On day 49 of my recovery, about 9 days ago at this point, I received a warning from my higher power. It was a cautionary message that I needed to continue on this new path or my worst fears would come true and I would become very ill or even die prematurely. I had blood work a few days earlier and I thought that eating clean for 45 days would have had a significant effect on my results. Instead, the numbers were the worst I’d ever seen. At first, I was disappointed and started to feel even more scared and depressed even, but after talking to one of my practitioners, I started to look at those results differently. Of course, those numbers could have been lower than they were a month and a half ago. I didn’t have numbers from then to compare, but even more importantly, those results were a warning. Just a warning. Maybe even a gentle nudge to keep forging in the direction I’m heading.

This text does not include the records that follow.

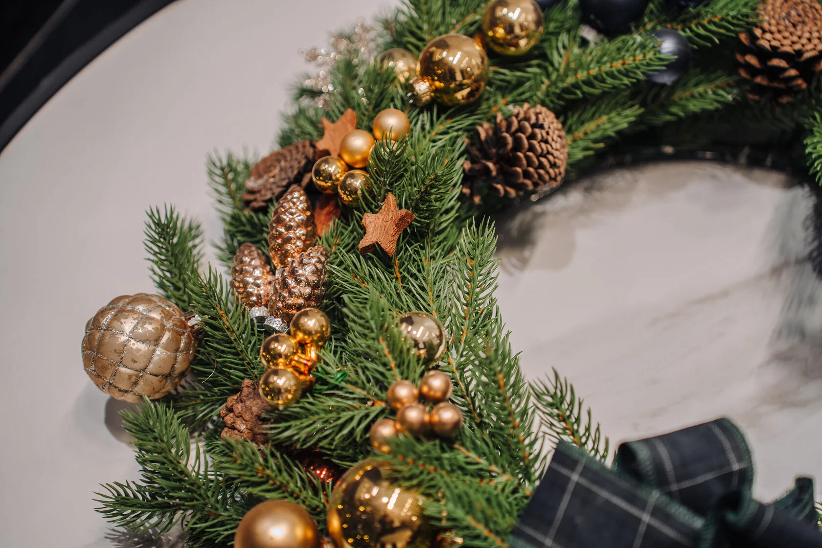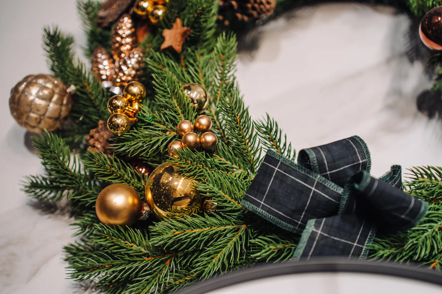 Рождественский венок из еловых веток украшен золотистыми и бронзовыми шарами, шишками и звездочками.
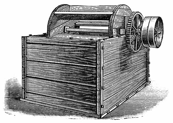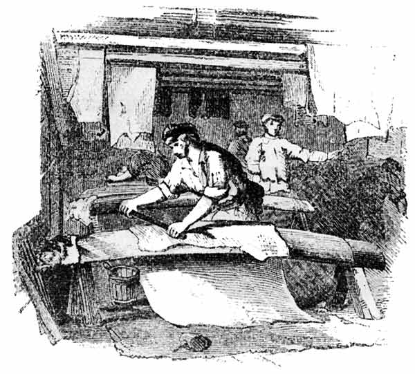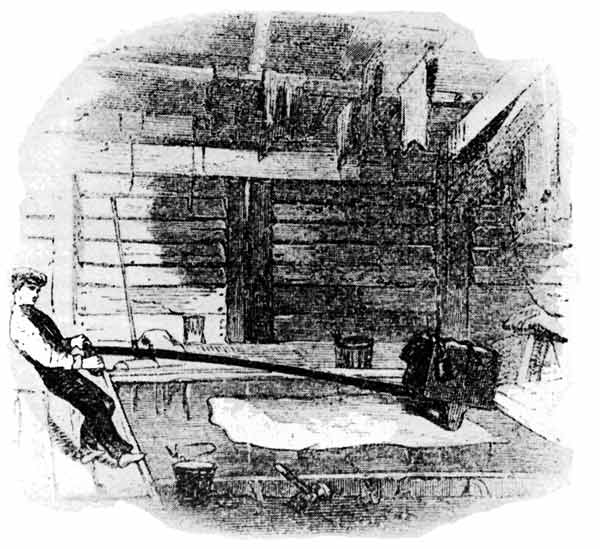 Instead of the rolling machine, some French tanners use the hammering machine, which gives good results, but is necessarily slow and frightfully noisy in action. The steel hammer moves up and down with remarkable rapidity, but only a small area is covered by each blow.
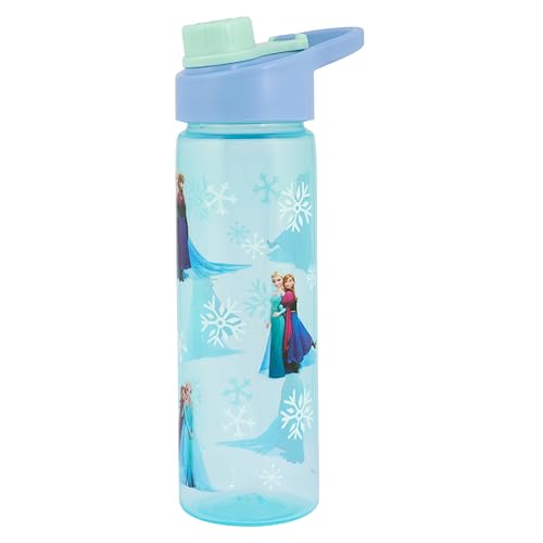 Disney Frozen Water Bottle with Flip Spout, Blue, 600ml, Featuring Anna and Elsa, Chugger Style with Carry Handle
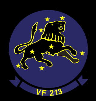 1955年6月22日にNASモフェットフィールドで編成された部隊で、最初からF2H-3バンシーといったジェット戦闘機の配備を貰った比較的新しい飛行隊である。F-4を受け取ったのが1963年、他の飛行隊がF-4B型であるのに、VF-213だけは当時では画期的な母艦や空中警戒機とのデータリンク機能を持ったF-4G型が配備された。その後CVW-11(NH)に配属となり、一時的にB型にバージョンダウンしたがF-4Jを1969年に受領し、1966年からベトナム戦に参加、1972年の秋まで5回以上空母遠征して戦っている。特筆すべきは、1972年のラインバッカ−作戦への参加であろう。過去最大の北爆となったこの作戦は、アメリカが北ベトナムとのそれ迄の交渉で中々停戦が実現しない為、一挙に交渉を前進させる為のカンフル剤のような効果を狙って行われた。B-52は首都ハノイ、ハイフォン港などにはじめて爆撃を敢行し、北ベトナム政府に「アメリカは、ベトナムを石器時代に戻そうとしている」と言わしめたほど激しい爆撃には、キティホーク、ハンコック、サラトガ、オリスカニ、ミッドウェー、アメリカなど6隻の空母が参加 CVW-11の攻撃隊ははじめて”ウォールアイ”誘導爆弾を使って精密なピンポイント爆撃を行っている。これがVF-213のベトナムでの最後の仕事になった。1975年暮からミラマーで新型戦闘機F-14Aへの転換訓練が開始され、1976年に完了している。
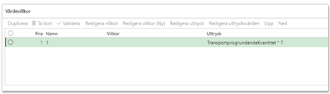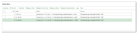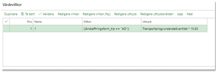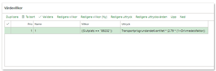 Användaren vill att på rad 1 att en Storhelg skall ge ett tillägg på 15 SEK per transportprisgrundande kvantitet och att det skall gälla för slutplatserna 02000 eller 04000. Rad 2 beskriver att veckodagen är en lördag eller söndag och att slutplatserna är 02000 eller 03000 eller 04000 och ger då ett tillägg på 10 SEK per transportprisgrundande kvantitet. Rad 3 beskriver att om dagen är en fredag och att ankomsttiden är mellan 1800 och 2359 (viktigt att man skriver tiden i formatet som visas) samt att slutplatsen är 02000 eller 03000 och detta ger då ett tillägg på 5 SEK per transportprisgrundande kvantitet. Det finns två olika komponenter för Slutplats transport och tidpunkt a pris kvantitet, den första tar inte med drivmedelsindex i sin värdeberäkning den andra tar med detta och justerar priset efter aktuellt drivmedelsindex.
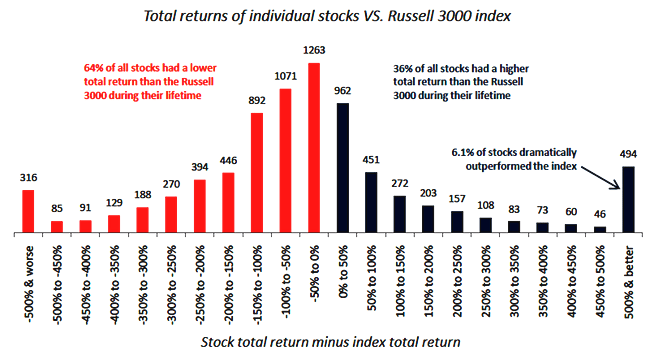 6% of stocks dramatically outperformed the index (by 500% or more).
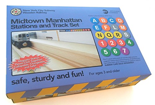 Plays with all Standard Wooden Railway Systems Magnetic Solid Wood Station Pieces click to align together Each Station Wall piece has 4 different Station Scenes Midtown Stations include 59th Street, 42nd Street, 34th Street & 14th Street Stations Wooden Subway cars are sold separately
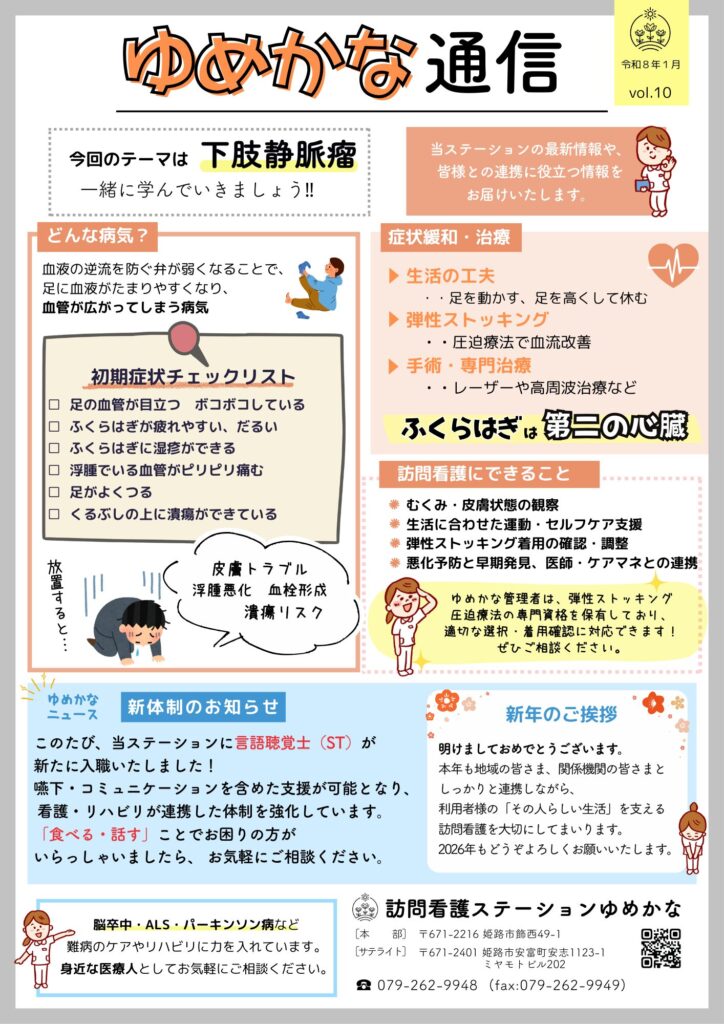月に1回【ゆめかな通信】を作成しております。今回のテーマは「下肢静脈瘤」です。ゆめかな管理者は、弾性ストッキング圧迫療法の専門資格を保有しており、適切な選択・着用確認に対応できます!ぜひご相談ください。
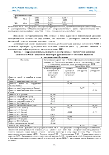 Результаты. Применение виноградного сока обеспечивает большую эффективность лечения и более выраженную положительную динамику 2 доменов МКФ (b2401 и b460). Важно отметить, что потребление моносахаров, содержащихся в виноградном соке, оказалось связано с позитивной динамикой функций сердечно-сосудистой, вегетативной и кроветворной систем. Применение СБВ способствовало большей положительной динамике интегральной оценки функционального состояния и 4 доменов МКФ (b2401, b455, b4552 и b460). Применение ЛБВ способствовало большей положительной динамике 2 доменов МКФ (b455 и b4552).

And so today, on day 58, as I was on my morning walk, the word “lifestyle” popped into my head. As I walked through the foot, leg, hip, and back pain, I told myself that this is it. This is the “lifestyle” that people refer to when they say, “It’s not a diet. It’s a lifestyle.” Only this time, those words are not being fed to me by a company trying to market its services. I’m actually living it. So what does this “lifestyle” entail? Well, now that I feel I have a good handle on the food piece, I realize that there are other things that contribute to recovering from an eating disorder and living a healthy lifestyle. For me, that, of course, means no more bingeing and making healthy food choices, but it also means listening to and honoring my body, incorporating more physical activity, drinking more water, practicing meditation, doing breath work, using my oils and taking my supplements, healing from my trauma, and changing my thoughts. It means going for a walk instead of lying on the couch. It means crying because I’m sad instead of eating a sleeve of cookies. It means replacing, “I am fat and I’m going to die” with “I am grateful for my body and that it is healing.” It’s about loving myself for who I am on the inside and outside. It’s about knowing I am more than enough. It’s not just about the food. My life doesn’t revolve around food. Yes, eating healthy is part of this new lifestyle, but it is in no way the only thing it is about. It’s about every choice I make, my ideas and beliefs about life. It’s about everything I do, or don’t do, that influences my life in some way. It’s about living.